DMA is a hardware module in STM32 microcontrollers that allows peripheral devices to exchange data with memory without involving the processor (CPU). This frees the processor from performing routine data transfer tasks, improving overall system performance. It effectively allows the program to run in parallel, with the CPU handling its tasks while the DMA handles its own.
It’s important to understand that DMA is tied to specific hardware in your microcontroller. In other words, each DMA module has a fixed connection scheme to the peripherals. This means that not every DMA channel can service just any UART, SPI, or ADC — there is a strict mapping. For example, DMA1 Channel 5 may handle USART1_RX. These connections are defined inside the chip and cannot be changed through software.
DMA architecture.
STM32 microcontrollers have one or more built-in DMA (Direct Memory Access) controllers, depending on the series and model. Each controller consists of several independent channels or streams that can operate in parallel. The number of controllers, channels, and their capabilities (such as priorities, supported modes, and request sources) are specified in the documentation for the specific microcontroller.
In DMA, there are concepts of channels and streams, and it’s important not to confuse them. A stream is a physical block of the DMA controller that performs data transfers, and each stream can be used for independent data transfers.A channel is a logical multiplexer/router that connects a peripheral request to a specific stream. Using a channel, we select which peripheral to work with, while the stream performs the actual DMA operation.Channels are tied to specific sources (peripheral devices). Each peripheral device is associated with a specific DMA channel and stream.
For example:
- ADC1 can use DMA2, Stream 0, Channel 0.
- USART2_TX can use DMA1, Stream 6, Channel 4.
- SPI1_RX can use DMA2, Stream 2, Channel 3.
Each DMA channel can be assigned one of four priority levels (Very High, High, Medium, Low) to manage conflicts between channels.
A channel is tied to a specific peripheral, while streams are independent hardware resources of the DMA. This means that a single channel can be used by different DMA streams, but at any given time, only one stream can operate with that channel.
Operating modes
DMA has two operating modes: memory-to-memory and memory-to-peripheral (and peripheral-to-memory).
Memory-to-memory
In this mode, the DMA copies data from one memory area to another without involving any peripheral.

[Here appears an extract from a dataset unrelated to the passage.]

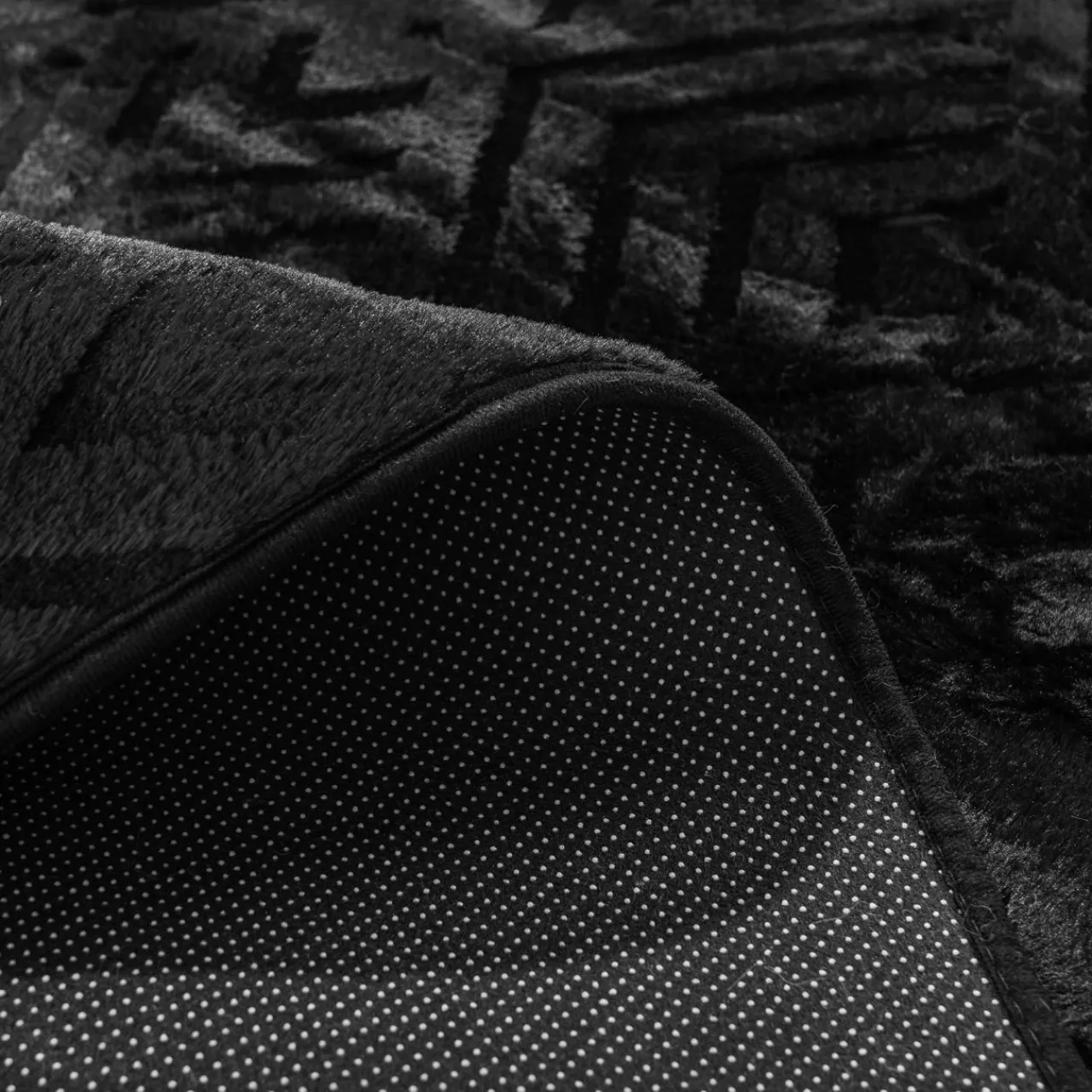 Marzy Ci się stworzenie przytulnej atmosfery we wnętrzu? Pomoże Ci w tym czarny dywan DOVER z geometrycznym tłoczeniem. Zachwyci Cię unikalną fakturą 3D i miękkim w dotyku runem.

Both the source and the destination are located in SRAM, Flash, or another memory address space. This mode is convenient for quickly copying large amounts of data.

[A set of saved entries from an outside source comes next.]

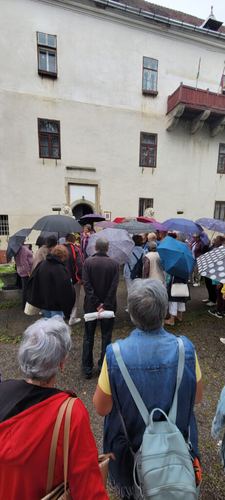 A kirándulás következő megállója Erdőszentgyörgy volt, ahol egy jól megérdemelt ebédszünet következett. A közös étkezés nemcsak testi felüdülést nyújtott, hanem a baráti beszélgetések révén lelkileg is feltöltötte a résztvevőket. A nap utolsó állomása a Rhédey-kastélyhoz vezette a csoportot. Az épület történelmi jelentősége kiemelkedő, hiszen itt élt gróf Rhédey Klaudia, akinek leszármazottai a brit királyi családhoz kapcsolódnak. A kastély történetei mélyen megérintették a látogatókat, miközben a helyszín szépsége is lenyűgözte őket.
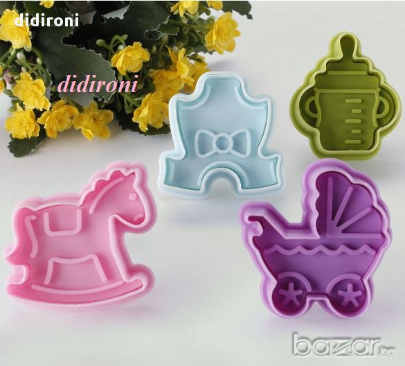 4бр. различни форми с бутало и релеф – количка, конче, беберон, лигавник. Всяка формичка е с буталце за по-лесно освобождаване на тестото. Използват се за работа с фондан, захарно тесто, марципан и други видове теста.
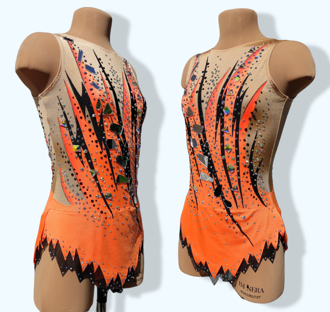 Dieses Kleid ist aus bielastischem Lycra gefertigt. Es wurde mit über 1240 Strasssteinen und 38 Aufnähsteinen und Spiegelsplittern besetzt. Dieses Kostüm ist ein Einzelstück und handgenäht.
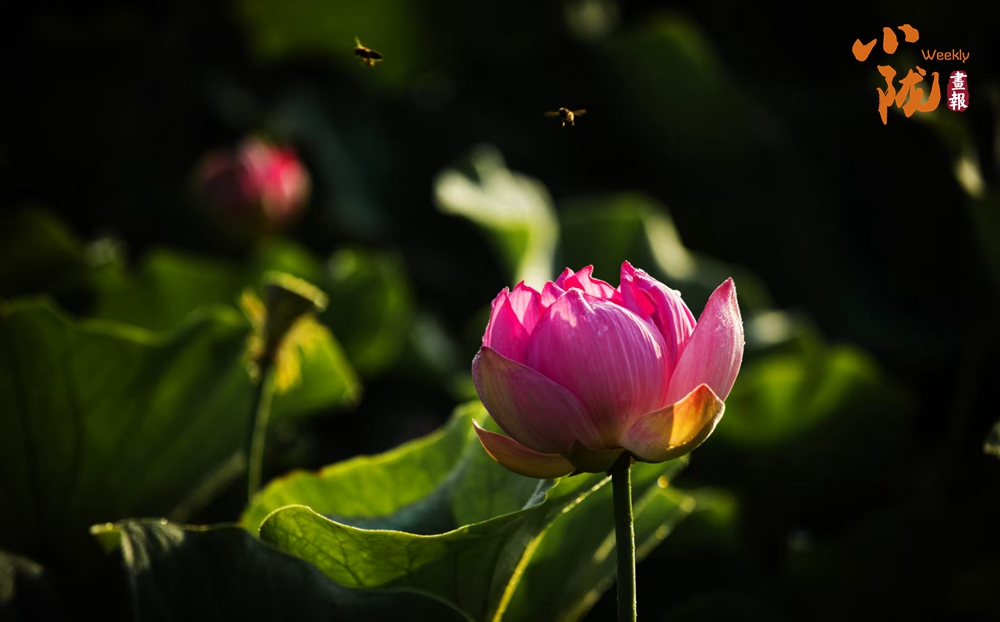 荷花成片盛開,偶有蜜蜂飛來飛去,時(shí)而駐足在花苞尖上,時(shí)而又快速飛向另一朵荷花,構(gòu)成了一幅靈動(dòng)的“蜜蜂戲荷圖”。水中的魚兒也不甘寂寞,穿梭在荷葉間,偶爾躍出水面,濺起朵朵水花,為這靜謐的荷塘增添了幾分生機(jī)。

Memory-to-peripheral and peripheral-to-memory
A key point for understanding DMA operation is that all transfers occur via requests. When transferring data to a device (UART, SPI, etc.), the DMA sends a request to the device, and if it receives a positive response, the DMA begins the data transfer. In the peripheral-to-memory case, the DMA waits for a request from the device and then starts transferring data from the device to memory.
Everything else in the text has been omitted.